Kenya  recognised the importance of addressing climate change and  developed a National Climate Change Response Strategy (NCCRS) to guide its actions. The NCCRS focuses on adaptation, mitigation, technology development, capacity building, and public awareness regarding climate change. It promotes sustainable development, resilience, and low-carbon growth across various sectors.

Legal Framework

Kenya is a signatory to various international climate change agreements, including the United Nations Framework Convention on Climate Change (UNFCCC) and the Paris Agreement. These agreements commit Kenya to taking climate action, including mitigation and adaptation measures, and accessing climate finance and technology transfer to support its efforts.

Kenya has established a legal framework to address climate change. The Climate Change Act of 2016 (Act) is the primary legislation governing climate change in the country. It provides a comprehensive framework for coordinating, planning, implementing, and monitoring climate change actions. The Act establishes the Climate Change Directorate within the Ministry responsible for climate change matters and outlines the roles of various stakeholders.

The Act also requires the development and implementation of sectoral climate change action plans, mainstreaming climate change into policies, plans, and programs, and establishing a Climate Change Fund to support climate change activities. Additionally, the Act encourages public participation, capacity building, and research and development in climate change-related areas.

Kenya has introduced the Climate Change (Amendment) Bill, 2023 (Amendment Bill) to include carbon markets as a means to  address climate change. The proposed amendment Bill aims to establish systems and rules for managing and implementing mechanisms that promote climate resilience and low-carbon development in Kenya. It also guides the creation and execution of carbon markets and other non-market approaches in line with international obligations. The Amendment Bill provides policy direction on carbon markets to national and county governments, the public, and other stakeholders. Additionally, the Amendment Bill includes provisions for benefit-sharing arrangements within carbon markets. The carbon markets and projects must also go evaluation under the rules provided for in the Environmental Management and Coordination Act of 1999 to see its impacts on the environment and the society.

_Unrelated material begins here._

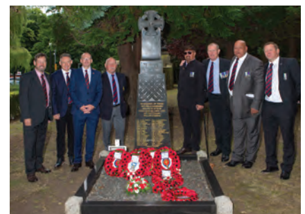
35th Anniversary Falklands Reunion Wrexham

Along with all other Household Division Regiments a substantial donation has been made to the Guards Chapel Organ Appeal; www.householddivision.org.uk/guards-chapel-organ-fund

The Amendment Bill provides that planting trees and nature-based solutions can earn credits for removing or storing carbon. This means that the forestry sector will be included in the emissions trading system, rather than just being seen as a way to offset emissions. To ensure this works well, the regulations should ensure that those involved in the forestry sector carefully track emissions throughout the life of the forest. Moreover,  to effectively utilise this system and make it easier to manage, there must be guidance on which sectors and sources of emissions are eligible to participate in the carbon market.

Investing in Climate Change and Renewable Energy in Kenya

Kenya has recognised the potential of renewable energy as a key solution to mitigate climate change and achieve sustainable development. The country has invested heavily in renewable energy projects, particularly in the areas of geothermal, wind, solar, and hydroelectric power.

Kenya has established favorable policies and incentives to attract investment in renewable energy. The Government of Kenya also provides tax incentives, duty exemptions, and has streamlined regulatory processes to facilitate renewable energy projects.

The country has also taken steps to increase energy efficiency, promote sustainable transportation, and develop climate-resilient infrastructure. Under the Amendment Bill, the Carbon markets provide an avenue for investors to participate in climate change mitigation efforts and support projects that reduce greenhouse gas emissions. While Kenya does not currently have its own national carbon market, there are opportunities for investment in projects that generate carbon credits through international carbon markets or mechanisms.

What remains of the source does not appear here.